NY Jets, Missed Tackles, Defense, Sauce Gardner
Sauce Gardner, New York Jets, Getty Images

The New York Jets have a persistent defensive issue that didn’t improve this offseason

Is it nitpicking to talk about the New York Jets’ defense?

After two consecutive top-five finishes defensively, perhaps that side of the ball has earned a reprieve from scrutiny. Who cares if the interior defensive line is suspect, the safety room is thin, and the edge rusher room relies heavily on a Year 2 leap? The defense figured it out then, so they’ll figure it out now.

Perhaps that’s true. Maybe writing about fears for their run defense and pass rush is over the top. But there’s one defensive issue that’s undeniable for the Jets. You could even say that it holds them back from being a truly elite unit.

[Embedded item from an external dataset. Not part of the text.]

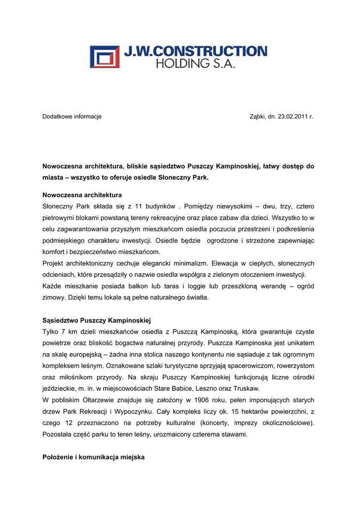 Dodatkowe informacje Ząbki, dn. 23.02.2011 r. Nowoczesna architektura, bliskie sąsiedztwo Puszczy Kampinoskiej, łatwy dostęp do miasta – wszystko to oferuje osiedle Słoneczny Park. Nowoczesna architektura Słoneczny Park składa się z 11 budynków . Pomiędzy niewysokimi – dwu, trzy, cztero pietrowymi blokami powstaną tereny rekreacyjne oraz place zabaw dla dzieci. Wszystko to w celu zagwarantowania przyszłym mieszkańcom osiedla poczucia przestrzeni i podkreślenia podmiejskiego charakteru inwestycji. Osiedle będzie ogrodzone i strzeżone zapewniając komfort i bezpieczeństwo mieszkańcom. Projekt architektoniczny cechuje elegancki minimalizm. Elewacja w ciepłych, słonecznych odcieniach, które przesądziły o nazwie osiedla współgra z zielonym otoczeniem inwestycji. Każde mieszkanie posiada balkon lub taras i loggie lub przeszkloną werandę – ogród zimowy. Dzięki temu lokale są pełne naturalnego światła. Sąsiedztwo Puszczy Kampinoskiej Tylko 7 km dzieli mieszkańców osiedla z Puszczą Kampinoską, która gwarantuje czyste powietrze oraz bliskość bogactwa naturalnej przyrody. Puszcza Kampinoska jest unikatem na skalę europejską – żadna inna stolica naszego kontynentu nie sąsiaduje z tak ogromnym kompleksem leśnym. Oznakowane szlaki turystyczne sprzyjają spacerowiczom, rowerzystom oraz miłośnikom przyrody. Na skraju Puszczy Kampinoskiej funkcjonują liczne ośrodki jeździeckie, m. in. w miejscowościach Stare Babice, Leszno oraz Truskaw. W pobliskim Ołtarzewie znajduje się założony w 1906 roku, pełen imponujących starych drzew Park Rekreacji i Wypoczynku. Cały kompleks liczy ok. 15 hektarów powierzchni, z czego 12 przeznaczono na potrzeby kulturalne (koncerty, imprezy okolicznościowe). Pozostała część parku to teren leśny, urozmaicony czterema stawami. Położenie i komunikacja miejska Osiedle Słoneczny Park położone jest zaledwie 10 minut drogi od ul. Lazurowej na wysokości dzielnicy Bemowo. Sieć połączeń komunikacyjnych zapewnia szybki i łatwy dojazd do centrum Warszawy. Linia autobusowa nr 713 kursuje z miejscowości Koprki (przystanek końcowy: Agricoop), przez Ołtarzew, Ożarów Mazowiecki – do pętli Cmentarz Wolski (przy Forcie Wola). Czas przejazdu z Ożarowa do końca trasy w Warszawie zajmuje około 25 minut. Tutaj można się przesiąść np. do tramwaju nr 27 (trasa: ul. Wolska, al. Solidarności, Okopowa, Rondo "Radosława", Metro Marymont). Przy Cmentarzu Wolskim pętlę mają także autobusy linii: 189 (kursuje na Sadybę) i 194 (trasa po Ursusie, do pętli Gołąbki). Na żądanie zatrzymują się również autobusy: 105 (Nowe Bemowo – pl. Trzech Krzyży), 125 (Os. Górczewska – Międzylesie), 129 (Koło – PKP Ursus), 155 (Karolin – Torwar), 184 (Huta – Szczęśliwice) oraz nocna linia N42 (Dw. Centralny – Os. Górczewska). Możliwy jest także alternatywny dojazd z Ożarowa Mazowieckiego do Warszawy autokarem PKS lub pociągiem PKP. Inwestycja znajduje się w pobliżu miejscowości Umiastów w gminie Ożarów Mazowiecki, w powiecie warszawskim – zachodnim. Oprócz Warszawy (od wschodu) gmina Ożarów Mazowiecki sąsiaduje także: od południa z gminami Piastów, Pruszków, Brwinów, od zachodu z gminą Błonie, natomiast od północy z gminami Leszno i Babice Stare, które położone są już w granicach Puszczy Kampinoskiej. Z Umiastowa do pobliskiego Ożarowa Mazowieckiego kursuje bus, którego godziny odjazdów aktualizowane są na stronie internetowej gminy. Spacerem odcinek ten zajmie około 20 minut. Drogi Osiedle Słoneczny Park zlokalizowano przy ul. Żyznej, biegnącej prostopadle od ul. Sochaczewskiej (trasa Borzęcin-Strzykuły), 6 minut jazdy od Ożarowa Mazowieckiego w kierunku północnym. Przez gminę przebiega szlak drogowy Warszawa – Poznań oraz trakt kolejowy Warszawa – Berlin. Z Umiastowa można dojechać samochodem do stolicy co najmniej na dwa sposoby. Trasą Warszawa – Poznań, kierując się ul. Umiastowską do Ożarowa Mazowieckiego, a następnie Poznańską. Na terenie Warszawy przechodzi ona w ul. Połczyńską, po czym w dzielnicy Wola rozwidla się w ul. Wolską oraz Kasprzaka. Stąd jest już bardzo blisko do dowolnej części Centrum. Druga trasa wiedzie z Umiastowa w kierunku północnym, do trasy Warszawskiej. Można nią dotrzeć do Bemowa, gdzie przechodzi w ul. Górczewską. Ta trasa spodoba się również niezmotoryzowanym. Wzdłuż całej drogi, aż do skrzyżowania z ul. Lazurową biegnie ścieżka rowerowa. Rekreacja i edukacja W Ożarowie Mazowieckim funkcjonuje wiele klubów sportowych oraz Gminny Ośrodek Sportu i Rekreacji, który organizuje wiele imprez o charakterze sportowo-rekreacyjnym dla dzieci i młodzieży. Poza tym w mieście znajduje się również pływalnia miejska, która oferuje możliwość korzystania z basenu sportowego, basenu do nauki pływania, zespołu basenów rekreacyjnych wyposażonych w prądy wodne, gejzerów, ławki napowietrzające oraz zjeżdżalni. Basen sąsiaduje z zespołem szkół, na terenie którego znajdują się: hala sportowa, odkryte boiska do gier zespołowych ze sztuczną nawierzchnią oraz korty tenisowe. W pobliżu inwestycji powstają nowe obiekty, które służyć będą mieszkańcom osiedla Słoneczny Park. Między innymi nowoczesny ośrodek sportowo – rekreacyjny. Kompleks składać się będzie między innymi z 4 boisk piłkarskich, 1 boiska krytego wielofunkcyjnego, 15 zadaszonych kortów tenisowych, ścieżki rowerowo – rolkowej, górki saneczkowej, boisk do siatkówki oraz do piłki koszykowej. Na terenie gminy znajdują się przedszkola państwowe i prywatne, publiczne szkoły podstawowe, gimnazjum oraz zespołu szkół ponadgimnazjalnych. Sklepy i punkty usługowe Usługi oferują salony fryzjerskie, kosmetyczne, optyczne, pralnie, banki czy też operatorzy telefonii komórkowych. Działają tu kina, punkty gastronomiczne oraz miejsca zabaw dla dzieci. W Kaputach koło Umiastowa mie

Their propensity for missed tackles.

Tackling woes

As a team, the tackling statistics aren’t as bad as they are individually. In 2023, the Jets ranked 21st in the NFL with a 12.9% team missed tackle rate. The league average was 12.5%.

It was at an individual level where the tackling issues were felt the most. The biggest culprits were the safeties: Jordan Whitehead ranked in the 9th percentile among safeties with an 18% miss rate. Tony Adams was in the 19th percentile at 15.3%. Ashtyn Davis joined the party with a 16% rate, albeit on only 25 tackle attempts.

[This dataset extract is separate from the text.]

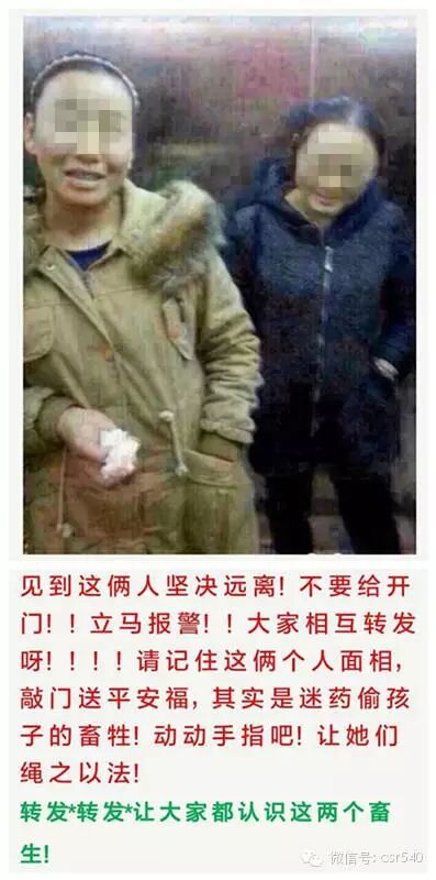 “请记住这两个人的面相,这两个人在各地流窜,敲门送福字,其实是用迷药迷倒家长趁机偷走孩子的畜生。”

Even in his first-team All-Pro season, Quincy Williams continued to be a tackling liability. His 13.2% miss rate ranked in the 25th percentile among linebackers. Other bad tacklers included Sauce Gardner (16.2%, 21st percentile), Quinnen Williams (15.9%, 17th percentile), Quinton Jefferson (13.3%, would have ranked in the 32nd percentile if qualified), and Solomon Thomas (12.9%, would have been 35th percentile if qualified).

Quinnen Williams tied for the sixth-most missed tackles among interior defensive linemen (10), and Whitehead had the most among safeties (20) while Adams had the eighth-most (15). Quincy Williams (20), Whitehead (20), Adams (15), and C.J. Mosley (15) had the most missed tackles on the Jets.

2024 changes

The Jets’ most significant change tackling-wise will be going from Whitehead to Chuck Clark. Clark’s 6.6% missed tackle rate in 2022 was in the 81st percentile among safeties. From 2019-22, the four seasons when he had starter-level snaps with Baltimore, Clark’s miss rate was 8.1%, which would have ranked in the 85th percentile among 2023 qualified safeties. Clark missed 21 combined tackles from 2020-22, while Whitehead missed 20 in 2023 alone.

Javon Kinlaw is also an upgrade over Jefferson in this area. He has a 7.1% career miss rate (would have ranked in the 75th percentile among 2023 qualifiers) and did not miss any tackles in 2023.

On the flip side, Haason Reddick may be a downgrade from Franklin-Myers. Reddick missed 18.2% of his tackles in 2023, ranking in the 33rd percentile among edge defenders. He was truly brutal in 2022, though, missing 36.4% of his tackles (second-worst) while tying for the most misses (16). He was never quite as bad as those two years in prior seasons, and the change to a 4-3 defense without so much dropping into coverage might change things for him. Still, Reddick’s tackling could hurt the Jets’ defense.

To a certain extent, the Jets will live with bad tackling. Quincy Williams is who he is as a tackler. Improvements from Adams and Gardner (who was at just 7.6% in 2022 before ballooning to 16.2% in 2023) would go a long way toward shoring up the back end of the Jets’ defense. They still have the surehanded C.J. Mosley and Clark, as well as Jamien Sherwood in limited reps (5.7% miss rate in 2023).

Never underestimate the power of bad tackling to infuriate a fan base and elongate a drive. It’s likely to continue as an issue for the Jets.